- _Problem description_
I would like the line with "Night and day (night)" and every line after it, down to the end of the entries below, output exactly and without pictures.
[Start of section]
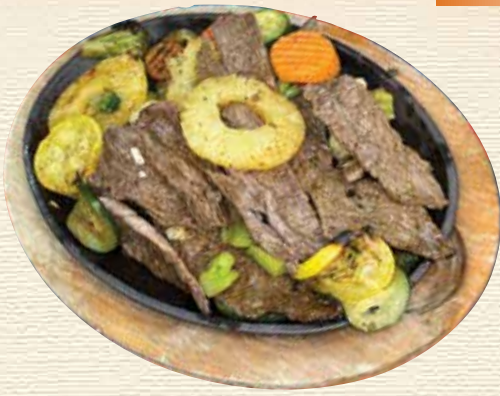
FAJITA CALABAZA Grilled steak with broccoli, cauliflower, carrots, pineapple and green and yellow zucchini. Cash - 13.99 Card - 14.54
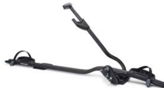
Bicycle holder for the vehicle roof
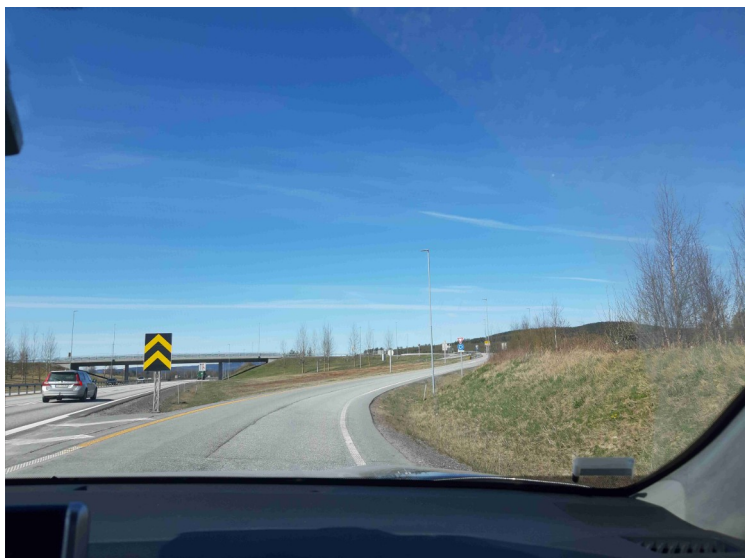
We then drove a short distance on the E16. Here we turn off the motorway towards Slåstad.
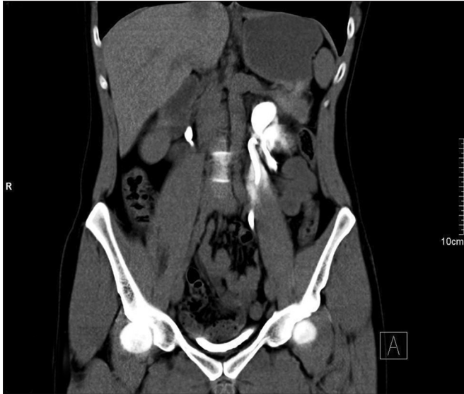
Fig. 2 Postcontrast coronal CT image shows contrast extravasation from the left upper ureter.
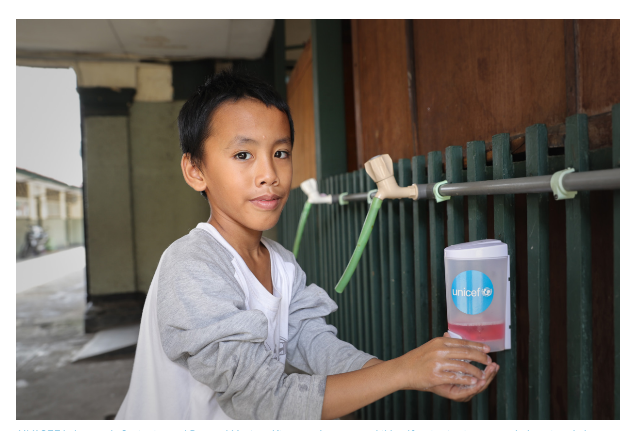
UNICEF helps supply Sanitation and Personal Hygiene Kits to orphanages or child welfare institutions across Indonesia to help protect vulnerable children from COVID-19.

In April, US$10 million was disbursed to UNICEF for its COVID-19 work supporting vulnerable countries with access to evidence-based information; access to WASH and basic IPC measures, and access to care for vulnerable families and children.
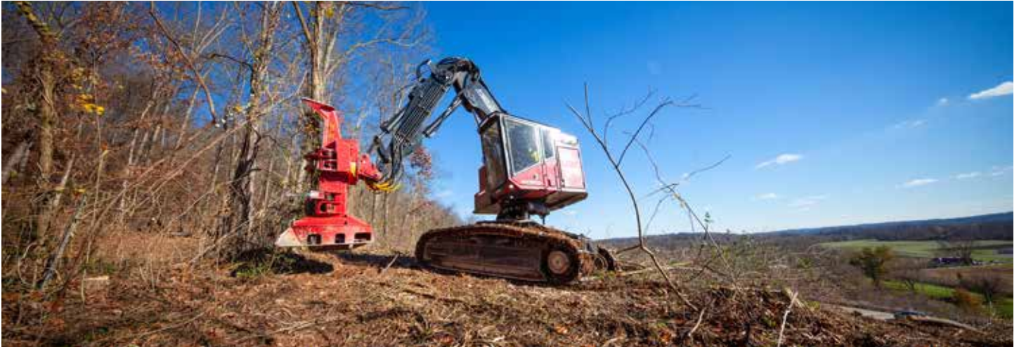
In addition to the machine's strong performance, Complete Clearing's Brock Dixon considers the 735D's cab environment "the best out there."

does clearing for large-scale subdivisions.
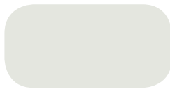
POLAR WHITE★ SR .58 SRI 69
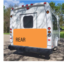
LIGHT DUTY SHUTTLE BUS
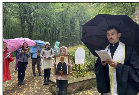
Pilgrimage to Zarvanytsia Way of the Cross
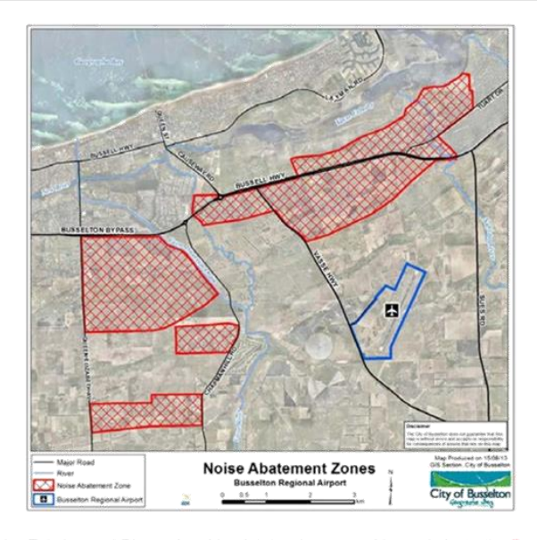
Figure 1 – Existing and Planned residential development with proximity to the <u>Busselton-Margaret</u> <u>River Regional Airport</u>

Noise abatement zones will be recognised in any future development of flight paths.
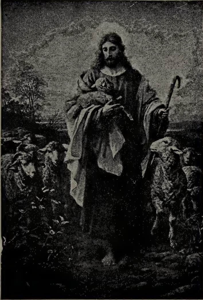
Jesus, the Good Shepherd
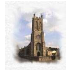
St Benedict's Church
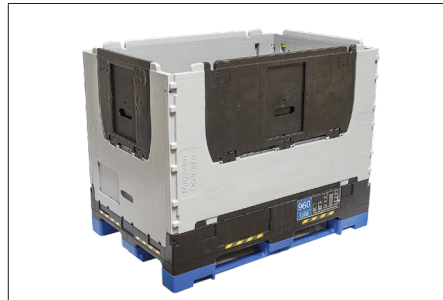
2. Remove lid.
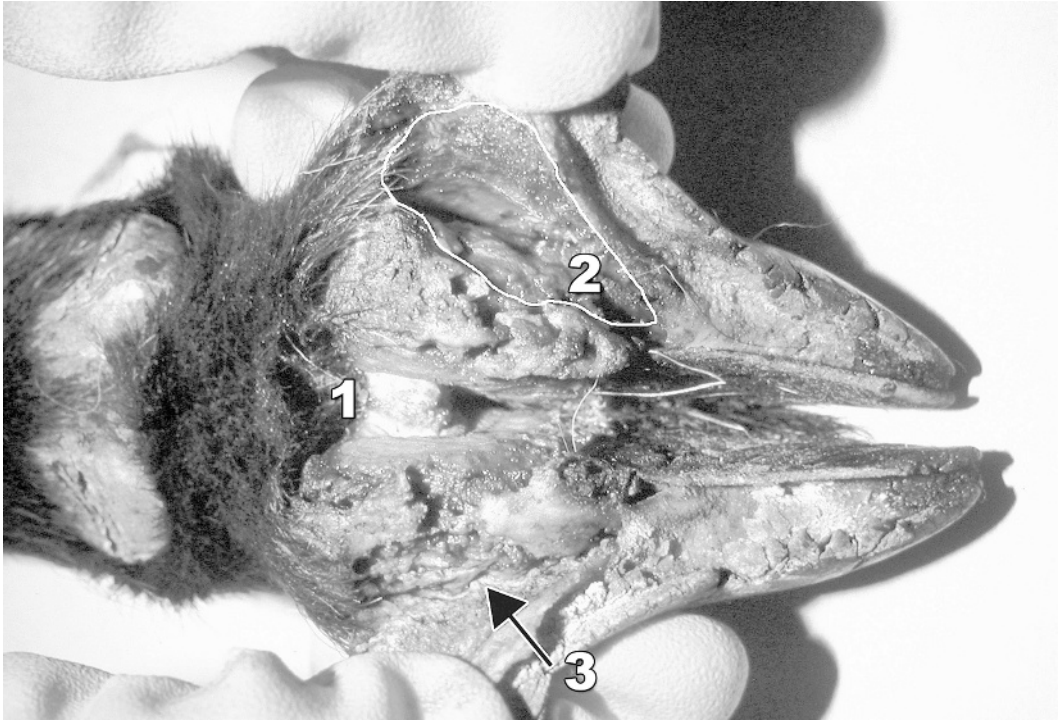
FIGURE 2. Anterior foot of a male ibex with interdigital exudative dermatitis (1), sole ulcer (2) and detachment of the horn of the wall (white line, 3). The sole ulcer was covered by an overgrowth of horn of the bearing border (removed to reveal the ulcer).

Therefore, it was not possible to study benign or intermediate forms of infection or feet from healthy wild animals, which could serve as negative controls. However, the pathological lesions observed in addition to our PCR results are compatible with the hypothesis that D. nodosus causes foot rot in free-ranging ibex and mouflon.
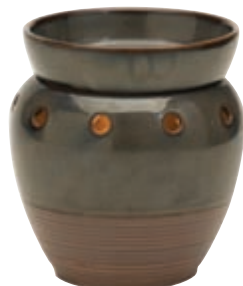
Soapstone (R) MSW-SOAP $30
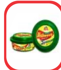
DISHWASH ROUND BAR

It is dosed with a high degree of solvent. One of the problems with ordinary glass cleaners is the presence of streaks after cleaning.
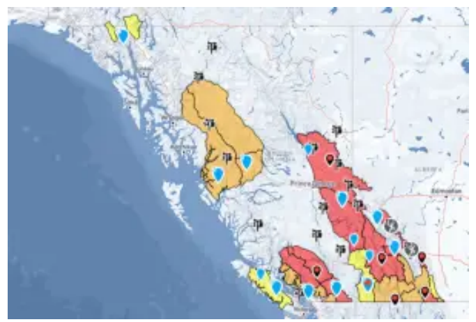
News Avalanche risk high in parts of B.C., Alberta, Yukon ( https://wltribune.com/2026/03/18/avalanche-risk-high-in-parts-of-b-c-alberta-yukon/ )
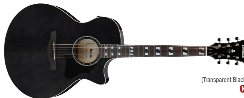
TBK (Transparent Black High Gloss) NEW FINISH
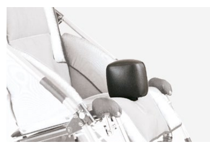
834 Abduction block adjustable in depth.
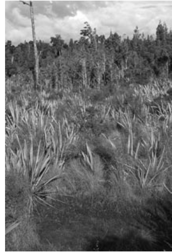
Fig. 58 Flaxland. Mahinapua, Westland; part of a swamp grading from a stream channel (foreground) to kahikatea forest (background): Phormium tenax - Coprosma propinqua flax swamp; palustrine.
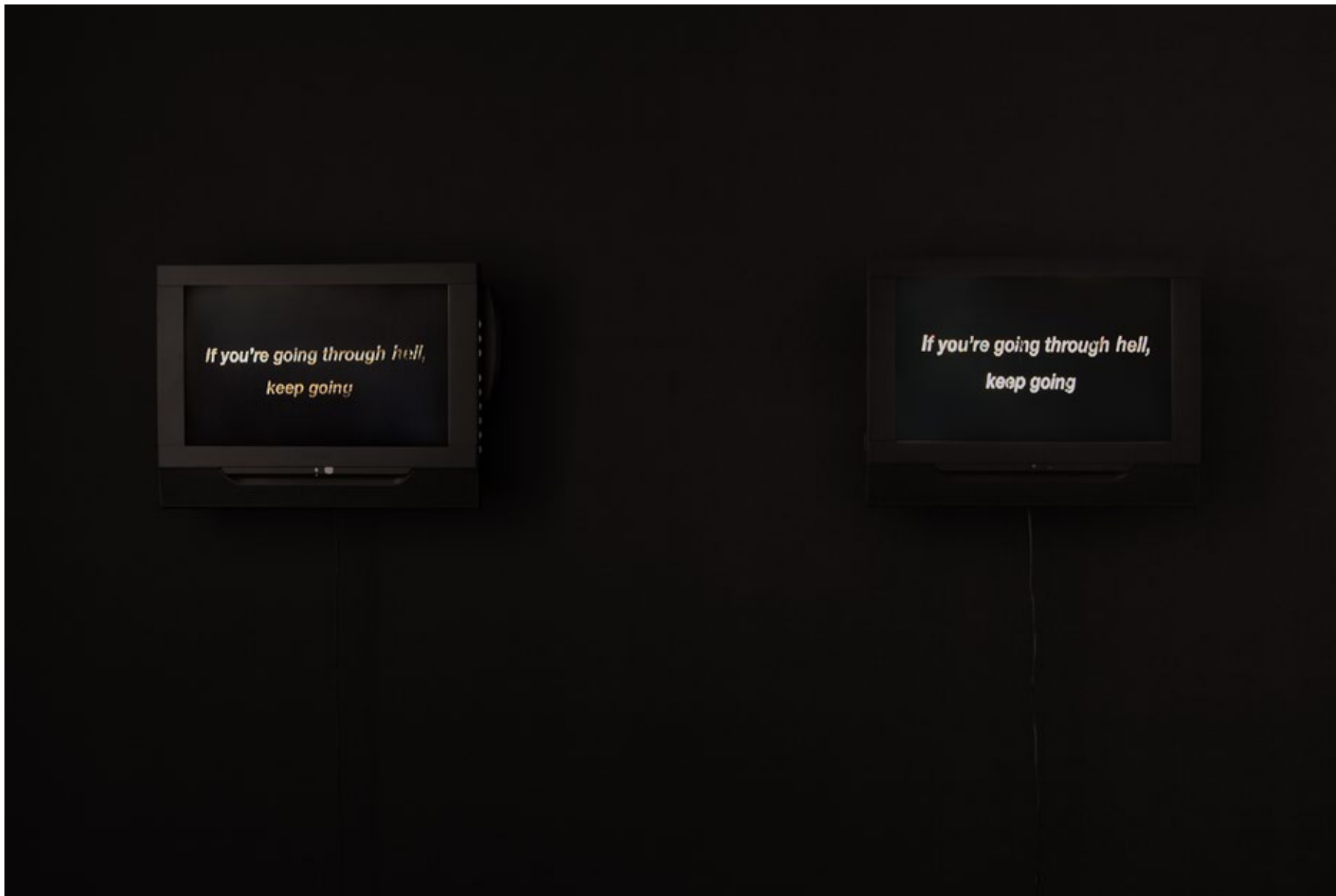
Night and day (night) / Night and day (day) , 2011 2 × (Video, Pal, 16:9. colour, sound. 13'06'') Edition of 5 + A.P.
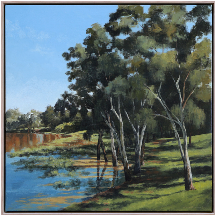
Sun-Kissed Mehi Acrylic on canvas, 64x64cm framed $980
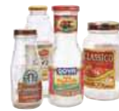
Clear Bottles & Jars
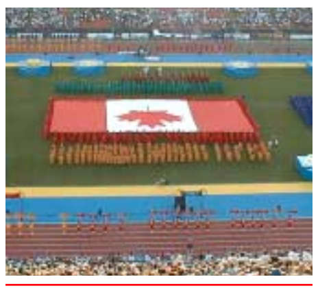
Full coverage to the top row from an X-Line stack during a ceremony at the World's.
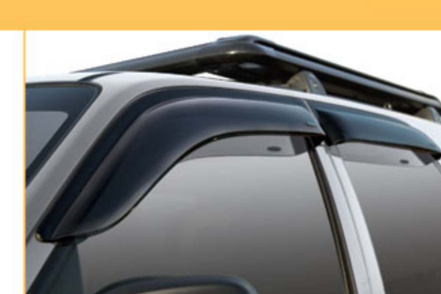
Door Visor CB-FE-09

Created your unique design on you SUV. All the parts from the Front - Side and Rear are unique design for ESCAPE Manufacture from high quality ABS plastic and No Drilling .
[End of section]
- _Answer box_
Night and day (night) / Night and day (day) , 2011 2 × (Video, Pal, 16:9. colour, sound. 13'06'') Edition of 5 + A.P.
Sun-Kissed Mehi Acrylic on canvas, 64x64cm framed $980
Clear Bottles & Jars
Full coverage to the top row from an X-Line stack during a ceremony at the World's.
Door Visor CB-FE-09

Created your unique design on you SUV. All the parts from the Front - Side and Rear are unique design for ESCAPE Manufacture from high quality ABS plastic and No Drilling .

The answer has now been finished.